Michael Clauss
Current research - Current teaching

LINGUIST 101 at UMass is titled "People and Their Language." In this course, we look at the idea of language as a treat universal to, and inalienable from, humanity as a whole. We discuss different perspectives from which language could be viewed, their comparative strengths and weaknesses, and what, in any of them, is meant by the universality of language. 101 is a class for those who may never have considered language with any more depth than that of a high school English or foreign language course.

I taught 101 most recently in the Fall of 2012, as Teaching Assitant to Lisa Green Below are some handouts I used, listing the phonetic symbols used by linguists in descriptions of American English, and some key terms in the study of social variation of language.


IPA chart for English (PDF)
A chart including the IPA characters used to transcribe Western American English.
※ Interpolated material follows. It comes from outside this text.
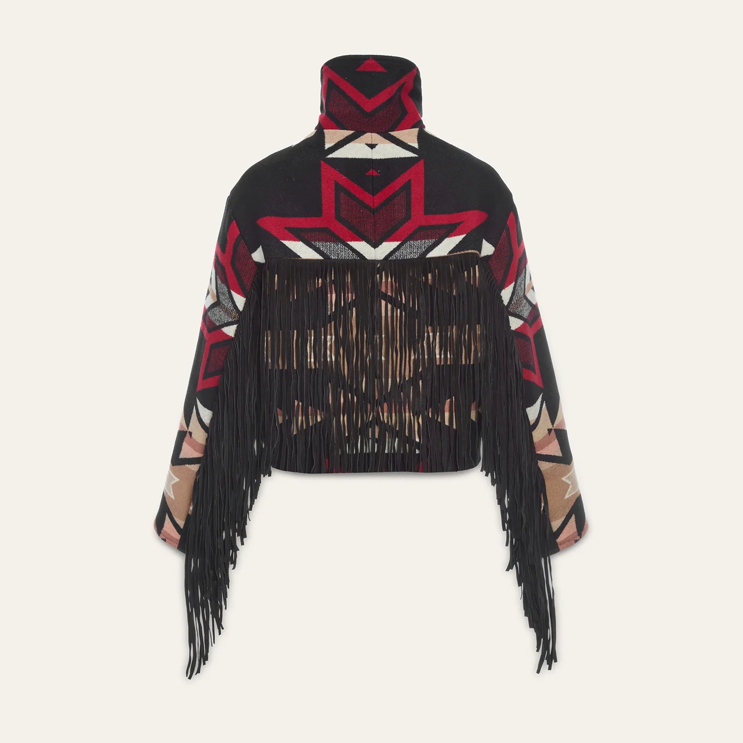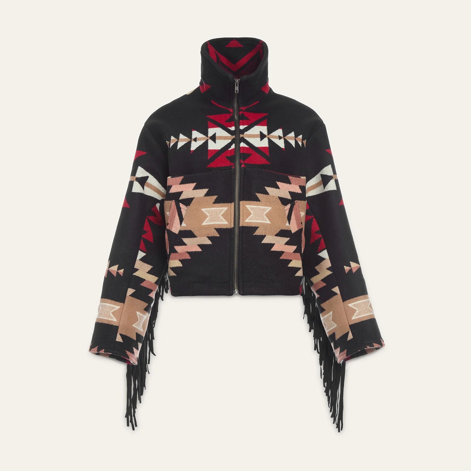 This luxurious slouch jacket is crafted from unwoven Pendleton blankets and is cut and sewn in Lindsey Thornburg’s New York City atelier. It features statement-making suede fringe across its back and back sleeve seams. It features chest seam pockets, welted waist pockets, zipper fastenings, and full silk rayon peachskin lining.

Not included is the sounds [ɔ] as in 'caught', if you are from the Northeast (that is, if for you 'caught' sounds different than 'cot'), which is a low, back, round vowel.

On the consonant chart, the rows represent manners of articulation and the columns represent places of articulation. The chart goes further back in the throat as you go rightward. For any pair of consonants, voiceless is on the left and voiced is on the right

Key terms in sociolinguistics (PDF)
A list of terms important to the study of social and regional variation in language. Most of these were discussed 11/9, but some have been added. Examples included.